| What you are asked to do |
Everything in the data gets repeated exactly, except for the pictures.

| Available data |
== Segment start ==

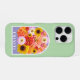 This personalized floral cell phone cover features soft, calming sage green as the background, creating a peaceful and natural look. At the center is a charming arched window design in gentle lavender tones, showcasing real flowers grown in my garden and photographed by Meggidoo.
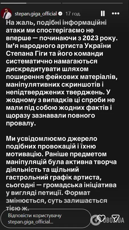 "Ім'я народного артиста України Степана Гіги та його команди систематично намагаються дискредитувати шляхом поширення фейкових матеріалів, маніпулятивних скриншотів і непідтверджених тверджень. У жодному з випадків ці спроби не мали під собою жодних фактів і щоразу зазнавали повного провалу. Ми усвідомлюємо джерело подібних провокацій і їхню мотивацію", – заявили у команді артиста.
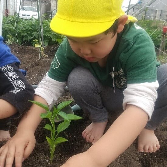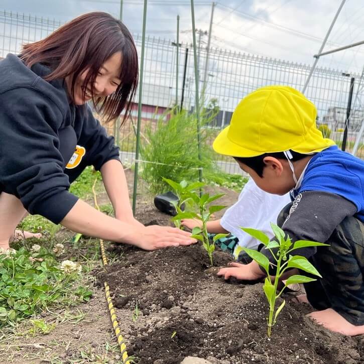八山田どろんこ保育園では毎日の日課を大切にしています。発達支援つむぎを利用している子も保育園児に混ざり日課である畑仕事を行っています。

== Segment end ==

| Solution |
 This personalized floral cell phone cover features soft, calming sage green as the background, creating a peaceful and natural look. At the center is a charming arched window design in gentle lavender tones, showcasing real flowers grown in my garden and photographed by Meggidoo.
 "Ім'я народного артиста України Степана Гіги та його команди систематично намагаються дискредитувати шляхом поширення фейкових матеріалів, маніпулятивних скриншотів і непідтверджених тверджень. У жодному з випадків ці спроби не мали під собою жодних фактів і щоразу зазнавали повного провалу. Ми усвідомлюємо джерело подібних провокацій і їхню мотивацію", – заявили у команді артиста.
八山田どろんこ保育園では毎日の日課を大切にしています。発達支援つむぎを利用している子も保育園児に混ざり日課である畑仕事を行っています。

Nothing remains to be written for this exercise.